Commenting, the Executive Vice Chairman of the FCCPC, Mr Tunji Bello, stressed the importance of meeting the compliance timeline.

He explained, “Full compliance is not only a legal requirement but an important step in protecting consumers and ensuring that the sector continues to grow fairly and responsibly. Operators have had ample time to adjust to the Regulations and the additional guidance now provided. We expect all obligations to be met before the deadline.”

Under the new rules, all lending platforms, service partners, and intermediaries must meet the stipulated compliance obligations by January 5, 2026. Enforcement actions will commence immediately after the deadline, with penalties including operational restrictions, suspension of non-compliant entities, and possible prosecution under the FCCPA.

Copies of the guidelines, required forms, and frequently asked questions are available on the FCCPC’s website and through its nationwide offices.

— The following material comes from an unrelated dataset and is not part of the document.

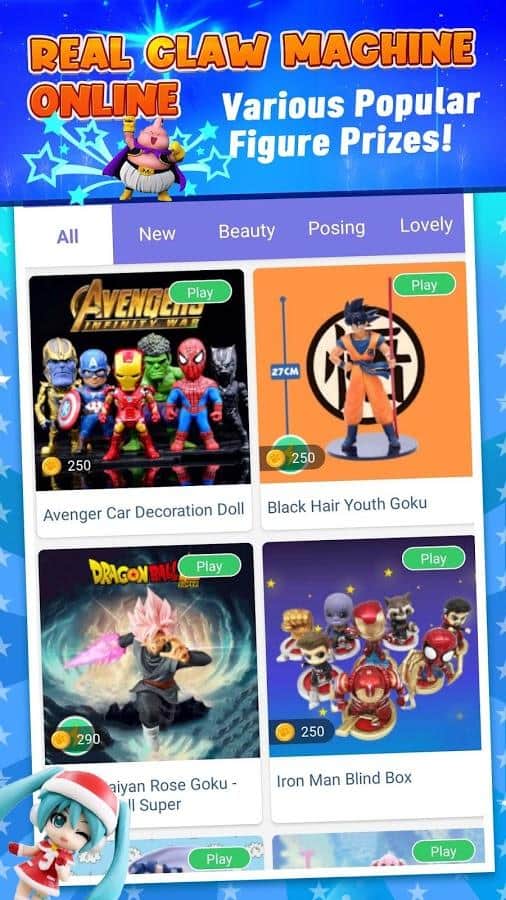 Figure Ooout: Claw Machine is a fun arcade game in which you can win real prizes, pulling anime figures and more. All familiar from childhood machines with an iron fist, which you need to pull the toy. Now this entertainment appeared in game format! Long-awaited innovations, such as high winning chances and free shipping make this game recommended to spend time with benefit and pleasure. Base countless prizes and weekly promotions are waiting for you!

Nigeria’s digital lending space has witnessed explosive growth in recent years, driven by the country’s large unbanked population and the ease of accessing instant loans via mobile apps. However, this boom has also bred widespread consumer abuse, privacy violations, and unethical debt recovery practices.

Many unlicensed lenders, popularly known as “loan sharks”, have been accused of charging exorbitant interest rates and resorting to public shaming and harassment to recover debts.

Some have illegally accessed customers’ phone contacts, sending defamatory messages to friends and family members of debtors.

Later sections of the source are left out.